*** Supplied data ***

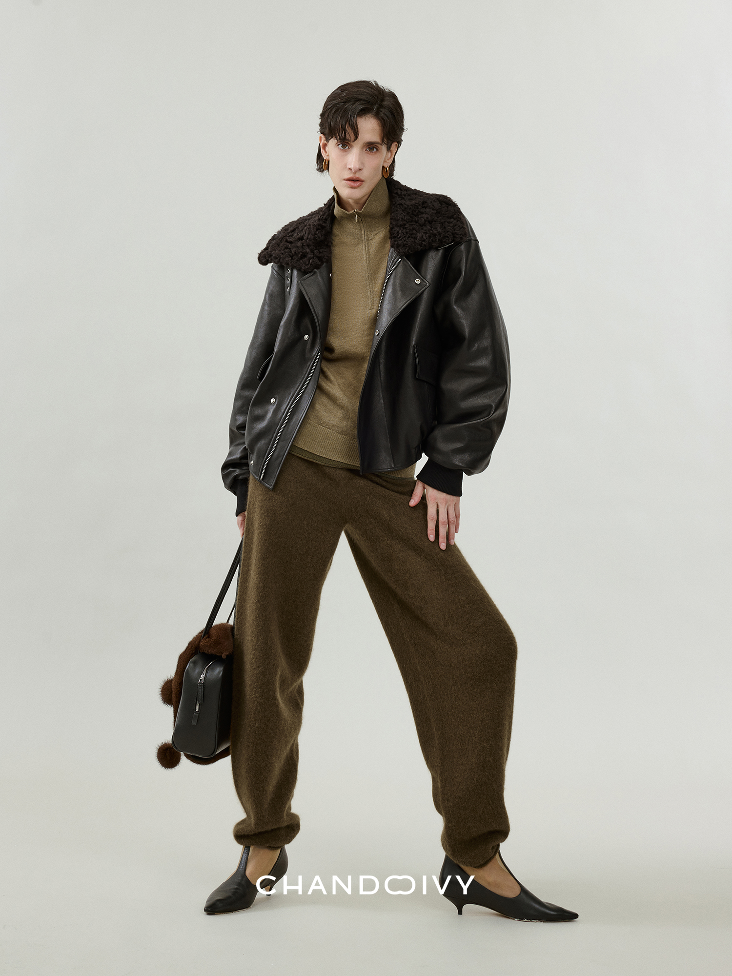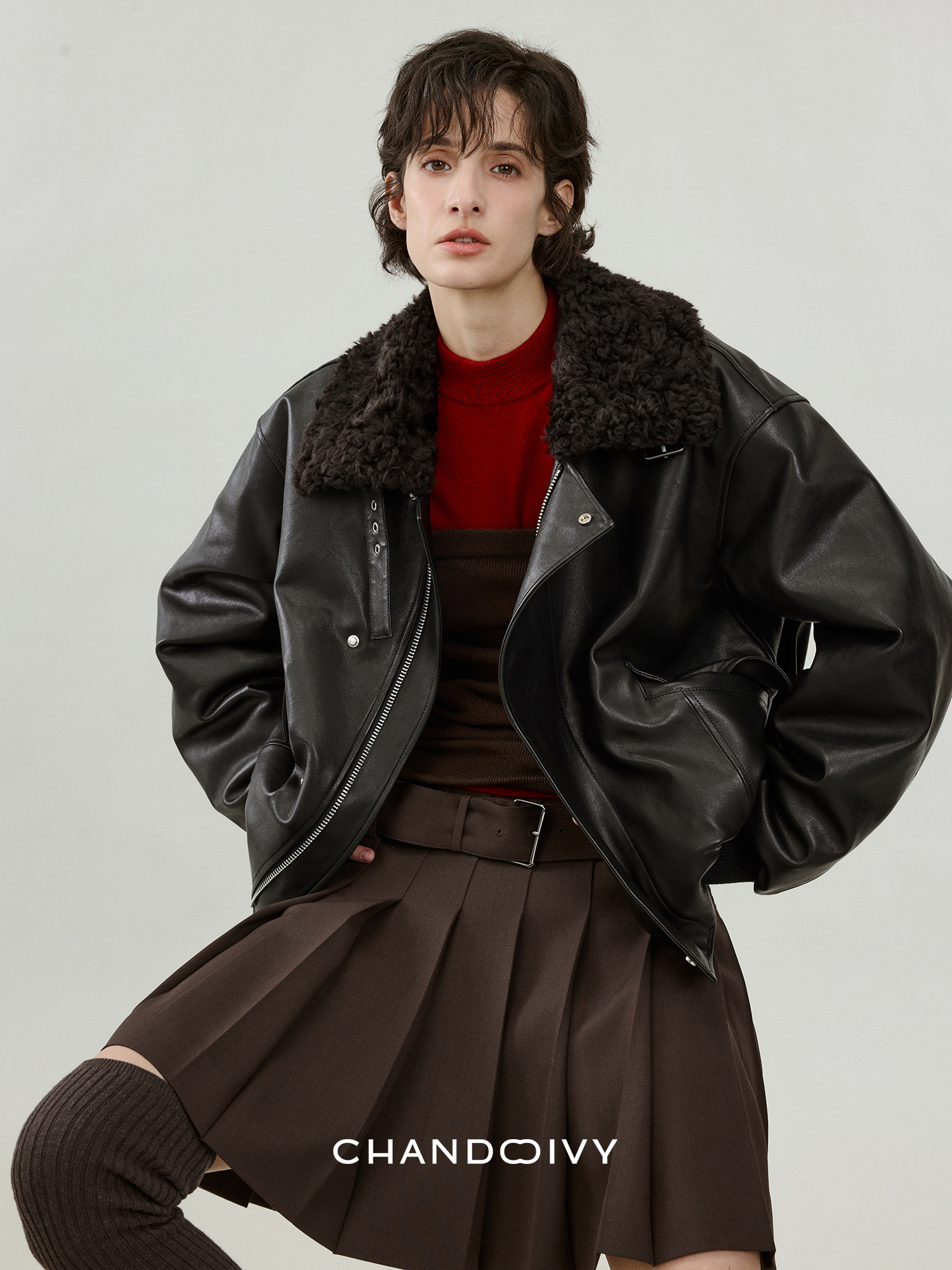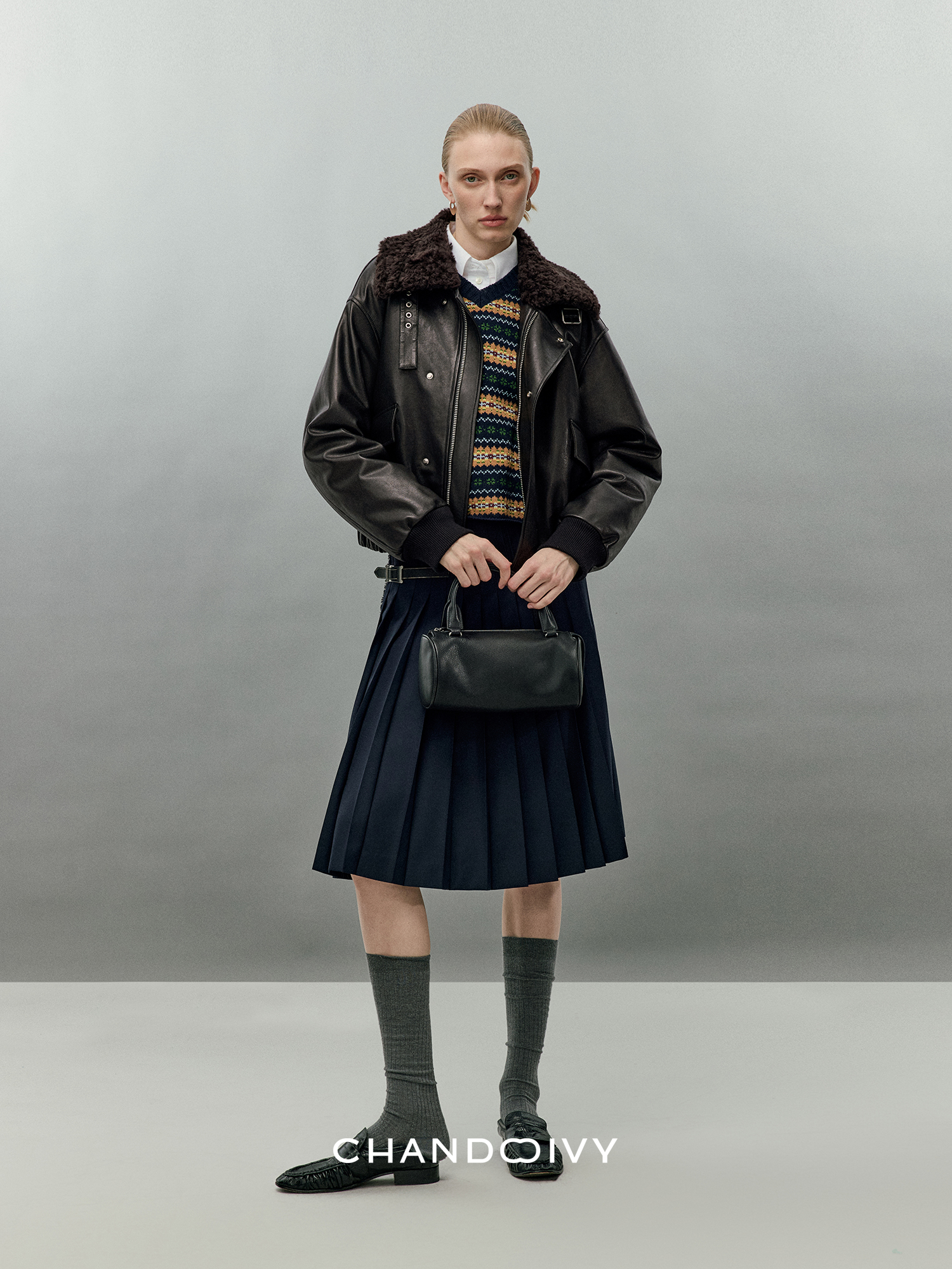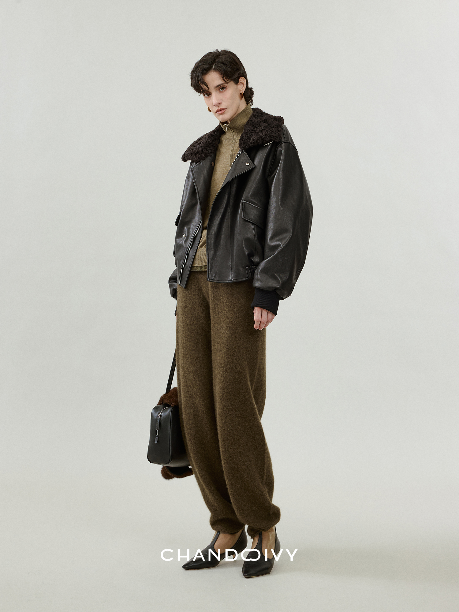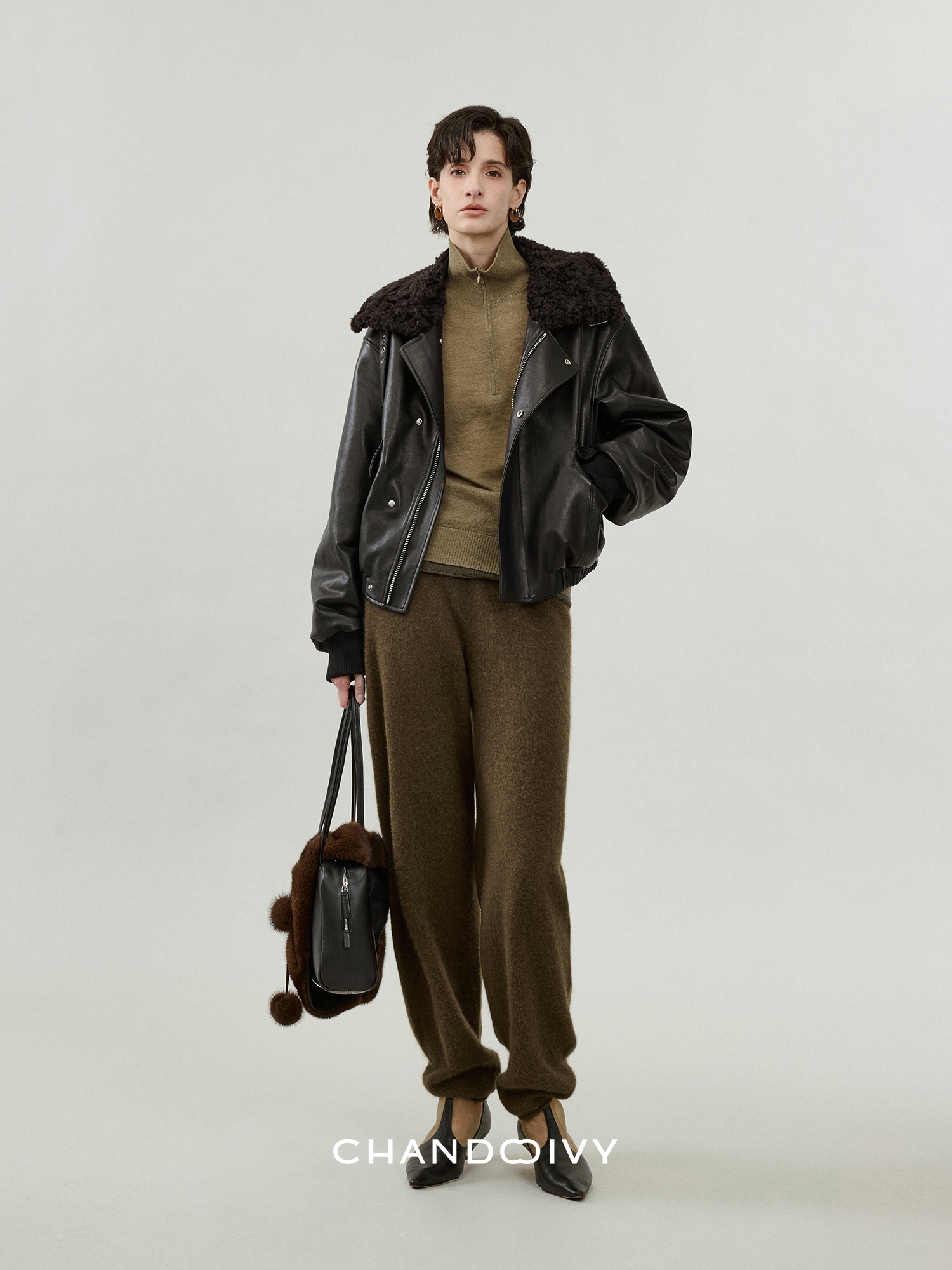 Chandooivy American Retro Full Vegetable-Tanned Goatskin 95 White Goose down Merino Fur Collar Leather down Jacket
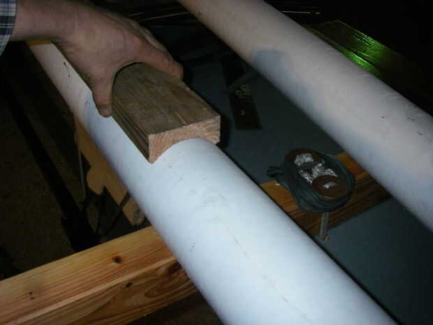 Hice algunos bloques de madera para descansar sobre ellos. Serán los "pies" de algunos patas cortas de tubería de acero inoxidable. Quienes a su vez conectarse a los travesaños. Al igual que Ezequiel, el hueso del pie conectado al hueso de la pierna, el hueso de la pierna conecta al hueso del muslo.
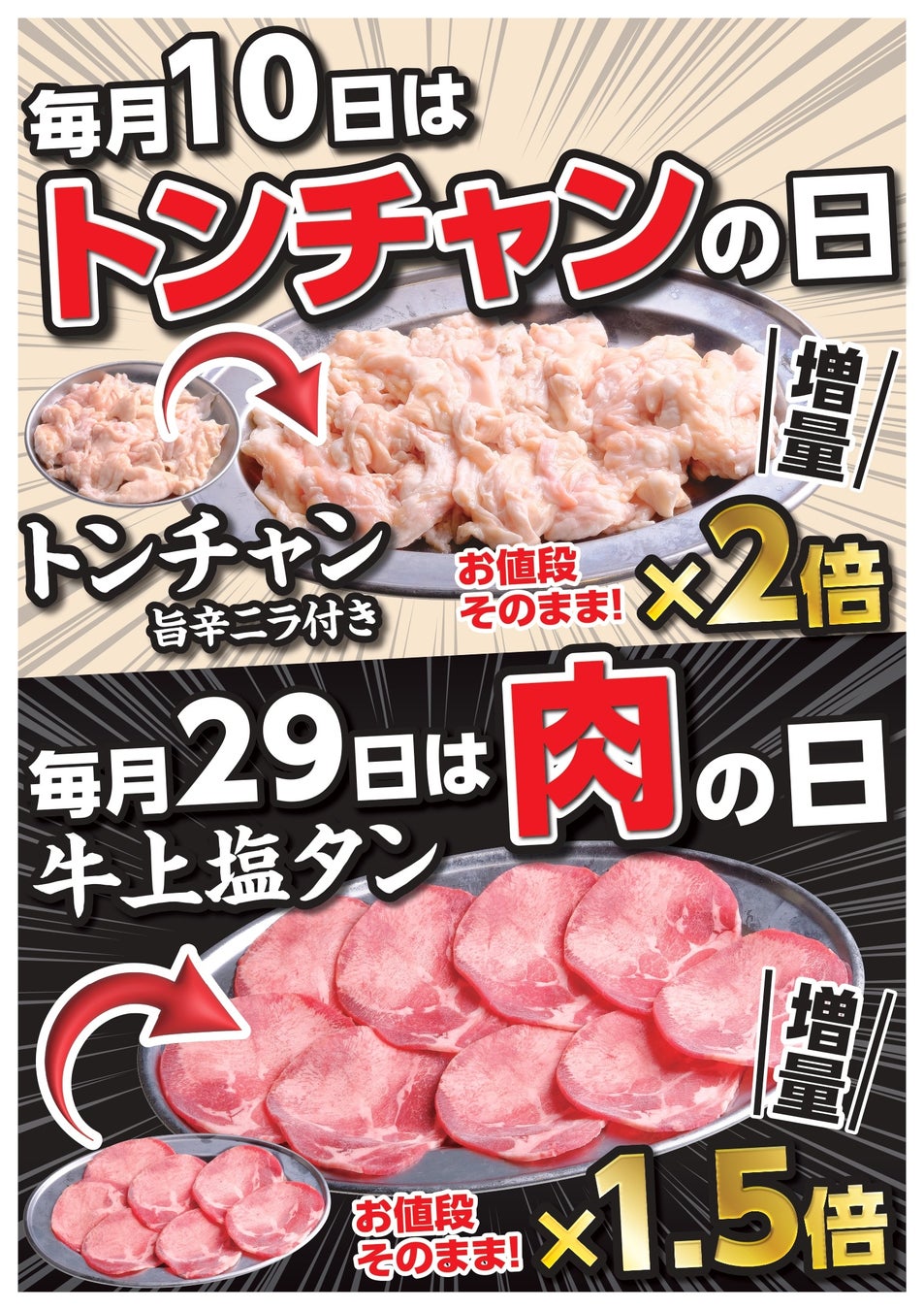 29日は「肉の日」で、牛上塩タンが通常の1.5倍の量で提供されます。

*** End of Supplied data ***

In the copy, include exactly the lines from the one with "Hice algunos bloques" through the final line of the data, both ends included, and no pictures.

◆ Task response
 Hice algunos bloques de madera para descansar sobre ellos. Serán los "pies" de algunos patas cortas de tubería de acero inoxidable. Quienes a su vez conectarse a los travesaños. Al igual que Ezequiel, el hueso del pie conectado al hueso de la pierna, el hueso de la pierna conecta al hueso del muslo.
 29日は「肉の日」で、牛上塩タンが通常の1.5倍の量で提供されます。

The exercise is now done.